In short, it is the glory of science to progress. Meanwhile, the purpose of revelation is not to tell us everything about everything, but to tell us about the important things. And the irony is, the revelation of creation ex nihilo is precisely the sort of thing that transcends both Bronze and Digital Age mythologies. Paganism tended toward a cyclical, not a linear, vision of time. It universally imagined the gods making the universe from some sort of “stuff.” Only one people held the fixed belief in creation ex nihilo: the Jews, who insisted that “God created the heavens and the earth” out of nothing. Scientifically, the question of whether the universe even had a beginning remained open until about 40 years ago.

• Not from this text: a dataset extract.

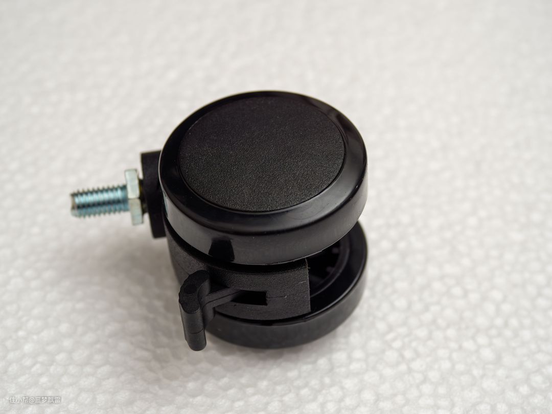 支架包装里附送了可锁止万向脚轮和可调高度的脚垫供选择,为了方便电视移动,这里我用的是脚轮,做工不错,轮子上覆盖了橡胶,移动的时候很稳定,没有杂音。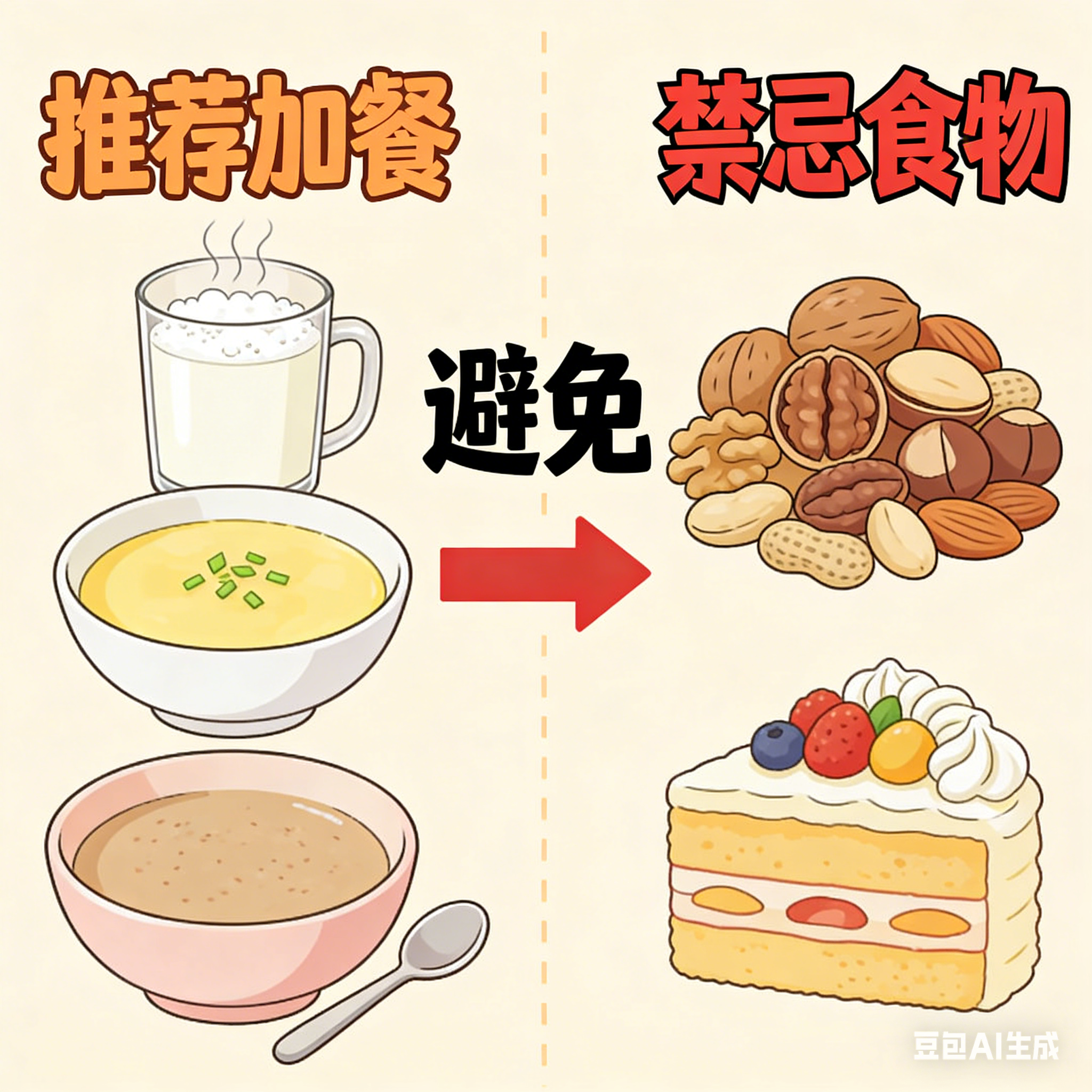 胃肠基础病老人专属建议:加餐优先选温和易消化的食物,如温牛奶、蒸蛋羹、藕粉,避免吃坚果、糕点等不易消化或甜腻的食物,防止加重胃肠负担。

How that beginning came about is still — and always will be — a question that transcends science and can only be known by revelation.

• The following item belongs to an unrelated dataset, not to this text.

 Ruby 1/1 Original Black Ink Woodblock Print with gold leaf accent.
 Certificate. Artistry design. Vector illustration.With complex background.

At this point, the sane metaphysician must sooner or later say, “Very well then, science is limited and I must grow beyond its narrow confines. I must embrace a larger metaphysic that encompasses science, yet allows for supernatural revelation that transcends, not contradicts, the truths revealed by science.” The insane metaphysic says, “No! Everything must fit my narrow empiricist worldview!”
That is what the Catholic Tradition calls “pride.” And that, ultimately, is the real issue here, not “sufficient evidence.” The solution to this blunder is what the tradition calls “humility.”
G. K. Chesterton once remarked that the only response a believer can give to the one who will not understand is “You don’t understand.” It should be noted that the operative term here is “will not,” not “cannot.” There are two sorts of questioners, roughly speaking: those who ask to find things out and those who ask to keep from finding things out. This is the explanation for Jesus’ mysterious refusal to give a sign, coupled with his curious willingness to give all sorts of signs. For everyone who asks, receives; and the one who seeks, finds; and to the one who knocks, the door will be opened. But those who ask in order to keep from finding also get what they seek. For all find what they truly seek.